I say, “I want you to remember this as a day where one bad memory was overshadowed by a GREAT one. So let’s go to Magic Mountain. You’ve been asking for me to take you there and now seems like the perfect time.”
“Are you serious?” Her voice is high, she’s got tears pouring down her face and she’s laughing hysterically. I join her in the crying hysterics and tell her that I am absolutely serious. We’re sitting in the driveway now, laughing and crying, she’s climbed up into my lap in the driver’s seat. I cradle this big 10-year-old girl and speak to her warbled through my tears. “I love you so much. There is nothing, nothing, I would ever do to hurt you intentionally.”
“I know,” she says, “I know that, Mommy.”
A quick change and little more than an hour later and we are pulling down the safety bar on her favorite roller coaster. She glances toward me with her wild-child exuberant Marandah smile, the one where her whole face is alive. I see her at age one, age two, age three. We flip upside down, she screams, I howl, we are alive together. For three hours, we ride Ninja and Revolution over and over; we swing on the swings, eat corn on the cob, and consume a ridiculous amount of sourballs. We hold hands. She tells me this is the best best Best day ever. This is so fun. I can’t believe we’re doing this! Which rollercoaster is your favorite, Mom? I love you so much Mommy!
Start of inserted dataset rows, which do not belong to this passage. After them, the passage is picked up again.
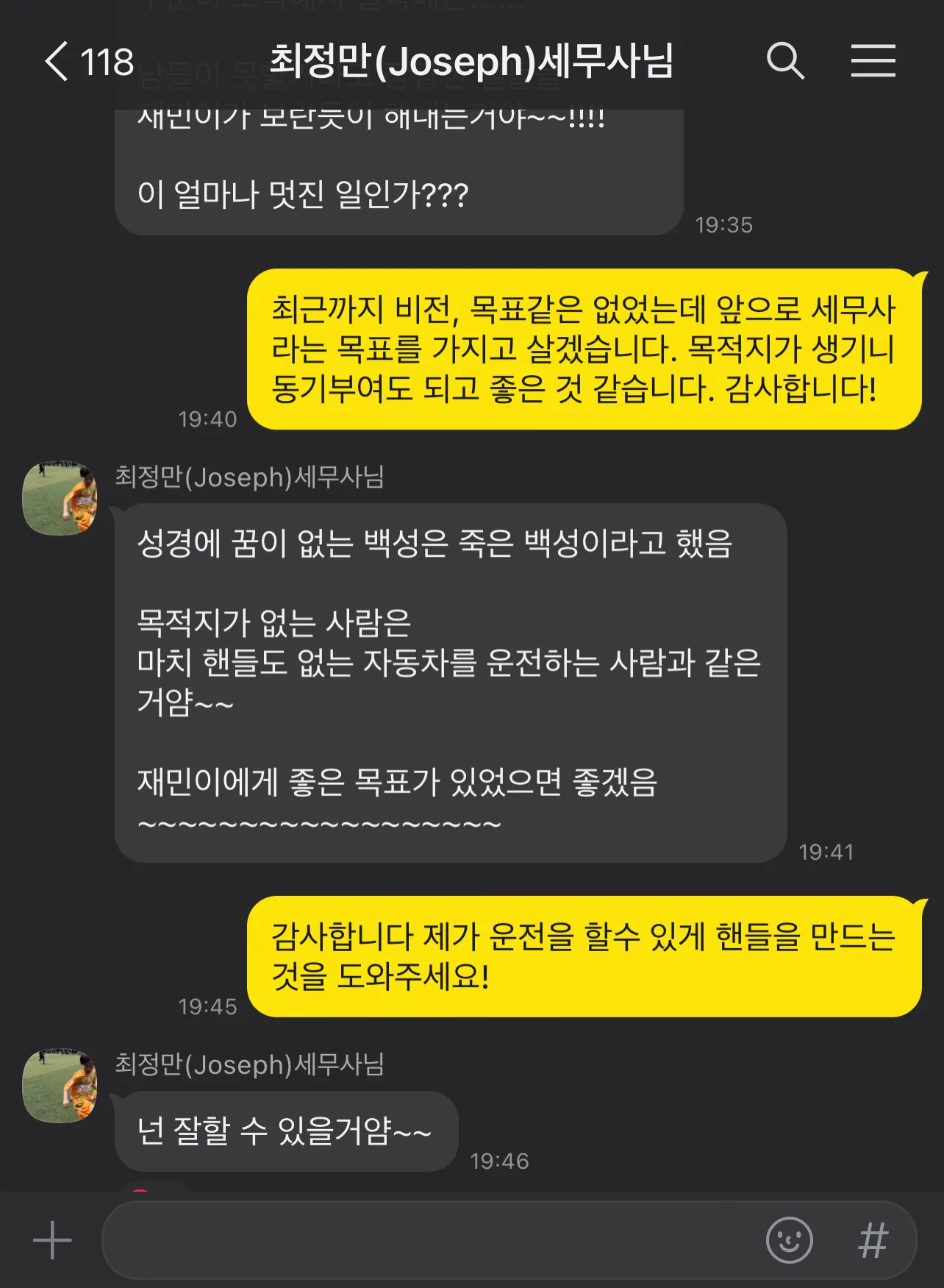 세무법인 청년들 본점에 온 후와 전이 너무 차이가 난다. 청년들에 오기 전인 면접을 볼 때만 해도 나는 ‘내가 뭘 하겠어’, ‘재능을 노력으로 이기긴 어려워‘, ’포기할래’ 같은 생각만 있었다. 면접을 본 후 조셉과 카카오톡으로 연락을 하며 꿈에 대해 얘기 했다.
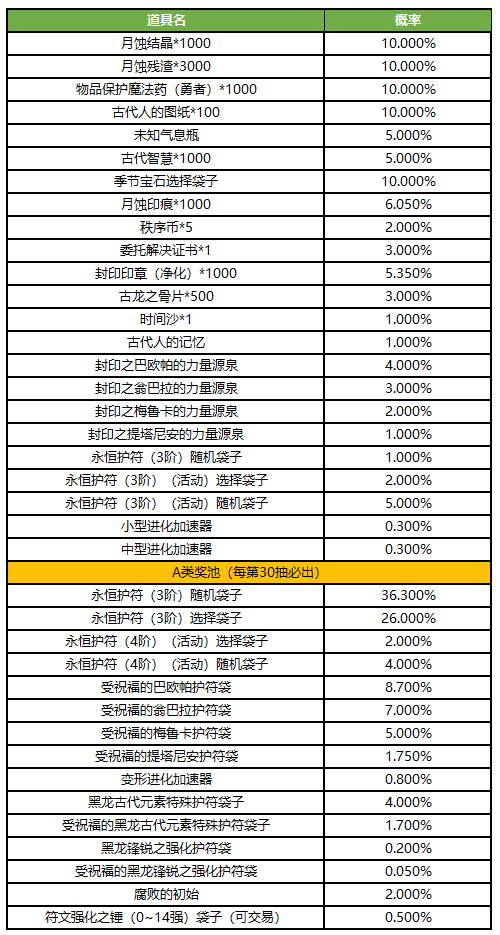 在本活动页面,使用15000点券,购买1个【月蚀宝玉古代级选择袋子】,获赠15次许愿次数,【账号限购20个】 ;
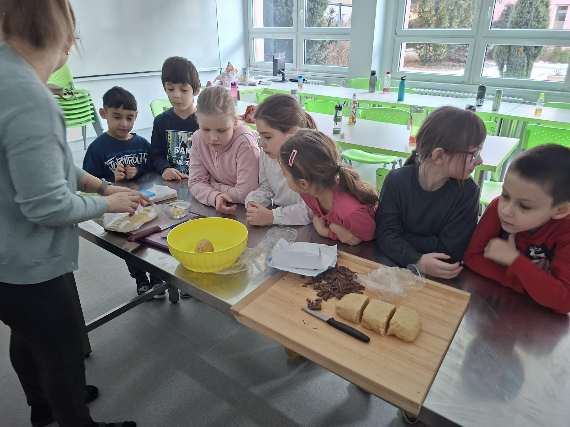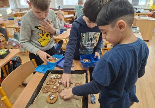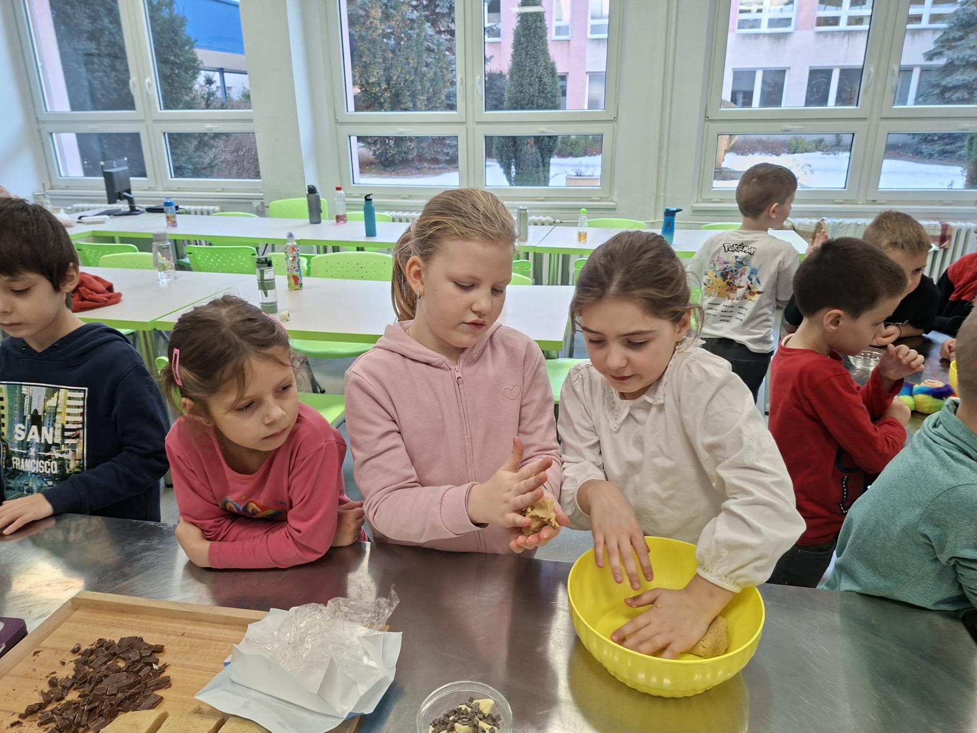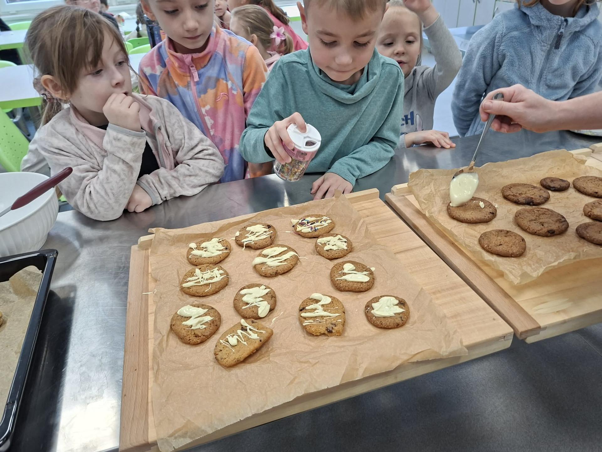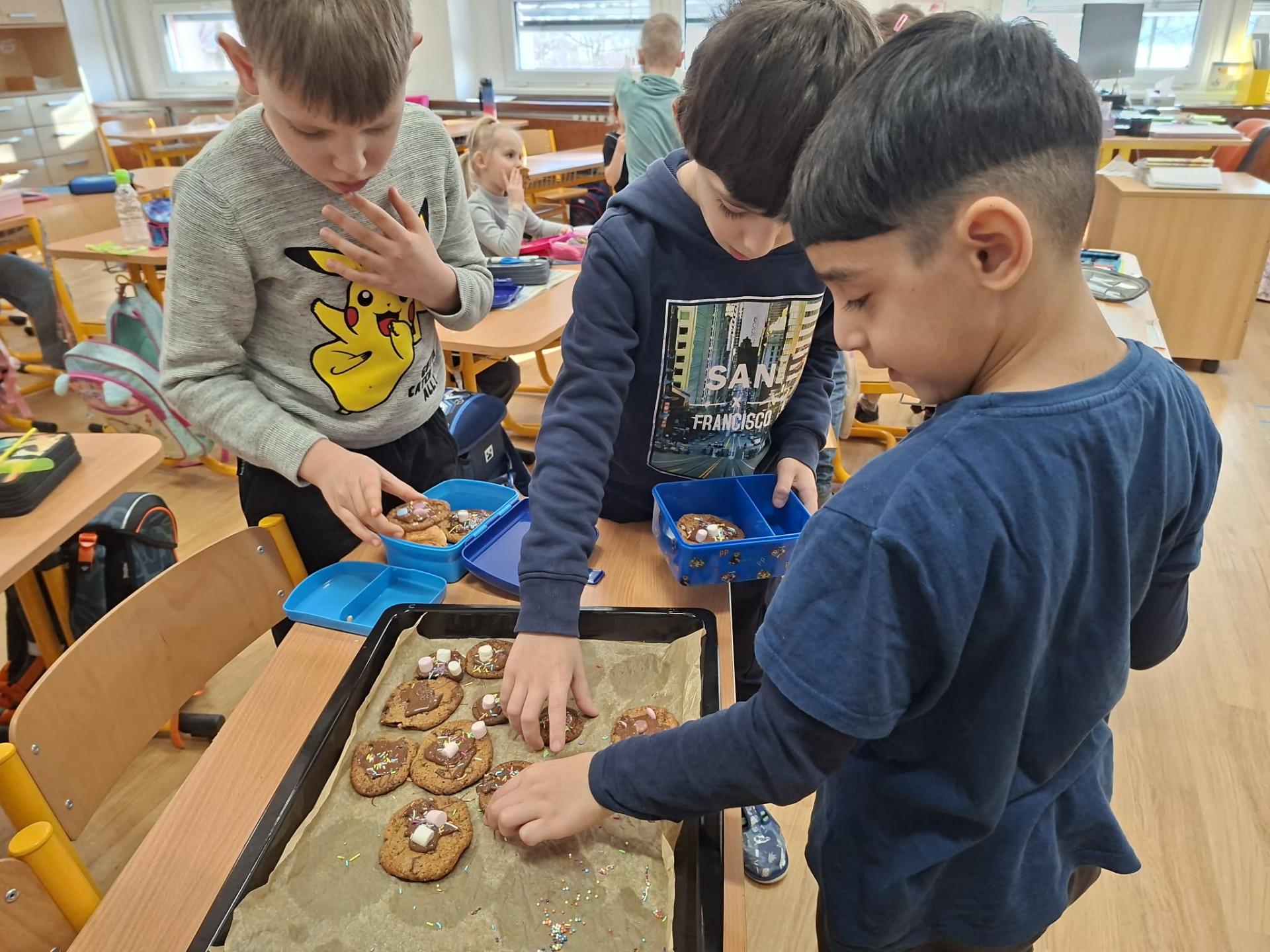 Dnes jsme s dětmi zavítali do školní kuchyňky, kde jsme si společně upekli lahodné cookies. Děti dostaly připravené těsto, do kterého si mohly přidat ingredience podle chuti – na výběr byla bílá a mléčná čokoláda nebo oříšky. Z těsta jsme tvořili kuličky, které jsme pokládali na plech, a pak už jsme netrpělivě čekali, jak budou sušenky po upečení vypadat.

Our last ride, a pitch black plunge in the front seat of the coaster, we reach the pause before the loop. I am aware of the mantra-infused rudraksha seeds on my prayer mala pressing into the back of my neck. The full moon is unobstructed right above us. The profundity of the moment embracing and glaring.
She yells, “Are you having fun?”
“Absolutely,” I yell back, “It’s just a little rough when my head rattles.”
To this she exclaims, “I LOVE it when my head rattles! That’s part of the fun!”
The drive home is dark and windy. Santa Ana winds up to 70 miles per hour. I feel safe, strong, but on alert. Everything is a metaphor right now. Rattling heads, wind, and the full moon. Off to the left, a fire is burning. My mother informs me during a cell phone call (to find out why she couldn’t spot Marandah on the telethon) that this fire is consuming homes on the other side of the mountain range. My daughter asks for reassurance that we’re safe. I tell her yes, but that I am going to keep driving, not stop for food until we’re clear. I’m stunned by the eerie beauty of the bright orange blaze glowing against the black night. More metaphors, I think, the burning of homes, sparks, fuel, fire. Masala and flames. I felt burning in my heart today. Combustible, uncontrollable heat.
The iPod is on shuffle and a kirtan to Durga begins to play. DurgaMa. Powerful, wrathful mother. She sits on a lion, protects, defends, and slays. I inhale deeply; savor this day for all of its complicated, potent simplicity. My satisfied, sleepy daughter, bewildered by her good fortune, is buckled in behind me. As the fire diminishes in my rearview mirror, and the forceful wind slams into my car, I am solid behind the wheel; driving toward all the unknowns in my life.